Global Happiness Trends Analysis
This project explores what drives happiness across countries worldwide using the World Happiness Report dataset. Conducted with Python in Kaggle, the analysis examines how economic factors, social support, health, and freedom influence national happiness levels. The study reveals key patterns and correlations that help explain why some countries consistently rank higher in happiness. These insights were then transformed into an interactive Tableau dashboard, making complex data accessible to a broader audience interested in understanding global well-being trends.
Project Overview
- Project: Data Cleaning and Analysis
- Date: November 2025
- Category: Data Analysis
- Tools: Python, Kaggle
- Role: Data Analyst
Project Details
Goal & context. This Python-based analysis uses World Happiness Report data to uncover what drives national happiness and how it varies across countries and time. The work was done in Kaggle with the aim of producing clear, validated insights that could later be turned into an interactive Tableau dashboard for a broad audience.
Data cleaning & preparation. Raw happiness and socio-economic data were loaded with pandas; missing values were identified and handled (imputation or exclusion depending on the variable). Country names and year formats were standardized so that multi-year and cross-country comparisons were consistent. Column types were checked and corrected (numeric, categorical, dates) to support both statistical summaries and visualizations.
Exploratory analysis & validation. Exploratory data analysis (EDA) was used to inspect distributions, outliers, and basic summary statistics. Correlation analysis and simple visualizations (e.g., scatter plots, time series) were used to explore how GDP per capita, social support, life expectancy, freedom, generosity, and corruption perception relate to happiness scores. Regional and time-based patterns were examined to ensure findings were robust before being passed to the dashboard.
Visualization & documentation. Key results were visualized in the notebook (e.g., trend lines, correlation heatmaps, bar charts) using libraries such as matplotlib/seaborn. The narrative was structured so that each insight was justified by the data and clearly stated, making it straightforward to translate the analysis into a Tableau story.
Outcome. The analysis produced a documented, reproducible Python notebook that identifies the main drivers of global happiness and validates the insights that later power the Global Happiness Trends Tableau dashboard.
Analysis Overview
- Data Cleaning & Preparation
Processed raw World Happiness Report data by handling missing values, standardizing country names, and ensuring consistency across years. - Exploratory Data Analysis (EDA)

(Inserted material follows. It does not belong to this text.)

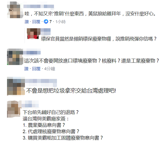 對此,島內網友批評稱,不知道美國又來“推銷”什麼東西,“沒安什麼好心”。不少網友有點擔心:“這次該不會要開放進口環境廢棄物?核廢料?還是工業廢棄物?”“不會是想把垃圾拿來交給台灣處理吧?”↓

Explored global happiness trends using descriptive statistics and visualizations to understand overall patterns and distributions. - Correlation Analysis
Analyzed relationships between happiness scores and socio-economic factors such as GDP per capita, social support, life expectancy, freedom, generosity, and corruption perception. - Trend & Regional Analysis
Examined changes in happiness scores over time and compared regional patterns across different countries. - Insight Validation for Dashboard
Identified and validated key insights to ensure accurate and meaningful translation into the Tableau dashboard.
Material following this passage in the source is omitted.